We covered a large quantity of information scrolling through the 2000 and some words to this point. There are a number of next steps I have planned with the intention of validating more of my knowledge (and simply learning new things). While not exhaustive, next steps could be:
- Setting up request logging in Cloudfront.
- Creating more alarms for metrics published to Cloudwatch (e.g. p99 latency, cache misses).
- Setting up DDoS protection with AWS WAF and/or AWS Shield.
- Setting up a staging environment to validate changes before deploying to production.
- Setting up a budget via AWS Budgets.
- Setting up a "subscribe" feature for new posts published to the blog.

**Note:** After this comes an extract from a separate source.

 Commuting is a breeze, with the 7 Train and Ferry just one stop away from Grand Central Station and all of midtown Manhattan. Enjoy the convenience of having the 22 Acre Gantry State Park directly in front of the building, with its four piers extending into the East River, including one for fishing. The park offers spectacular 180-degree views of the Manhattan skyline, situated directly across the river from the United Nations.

- Handling 404 redirects correctly.
...and more.
I'll likely write posts on these topics as I make my way through them alongside my other hobby projects. Notably, I operate a weightlifting application and a goal tracking application. Sign ups for both are disabled (aside from my partner who graciously humours me) but if you're really curious you can bother me for an account.
Final thoughts
Overall, going through the process of building and documenting my experience gave me the opportunity to validate my understanding and learn what I didn't understand. If you can't explain something, you don't understand it.
A static website is a good entry point for learning how to compose services with AWS given it's a relatively simple architecture and has many opportunities for expansion. Moreover, treating it like a live service meant I had to consider how to monitor, operate, and observe my architecture - all of which are critical components of developing and operating live services in a DevOps fashion.

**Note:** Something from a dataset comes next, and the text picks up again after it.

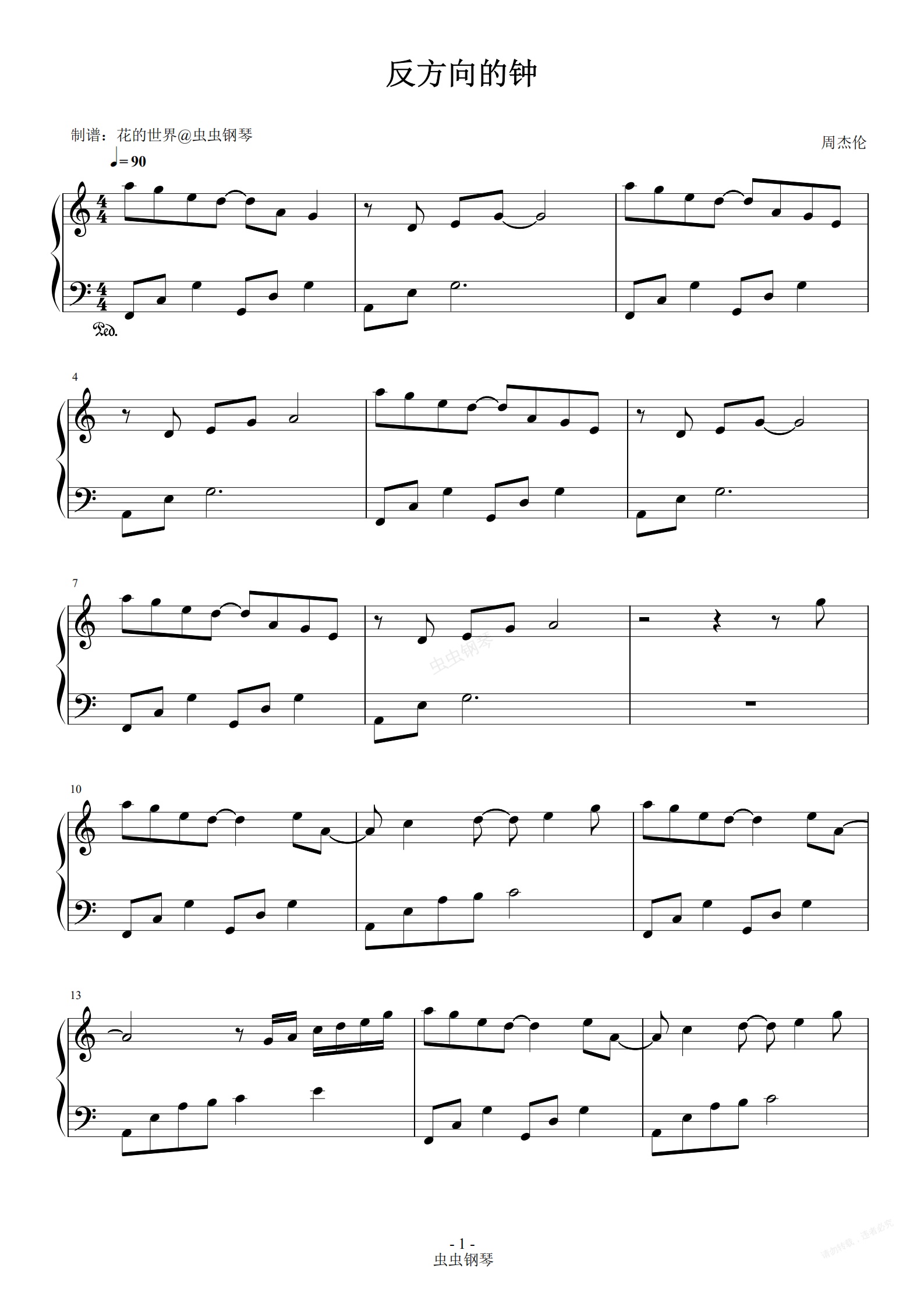 钢琴谱:反方向的钟 C调简易版 周杰伦

Having this blog presents myself the opportunity to share those 'Aha!' moments openly with the technical community and to hopefully help people out if they meander here via hyperlinks or search queries. Writing is something I used to do lots (postsecondary education: english, philosophy, computer science) and haven't done much of lately. It's a valuable skill to keep sharp.
I'm hopeful you learned something if you made it this far. If not, I'm hopeful you at least found something useful to copy and paste for whatever you're working on. Cheers all.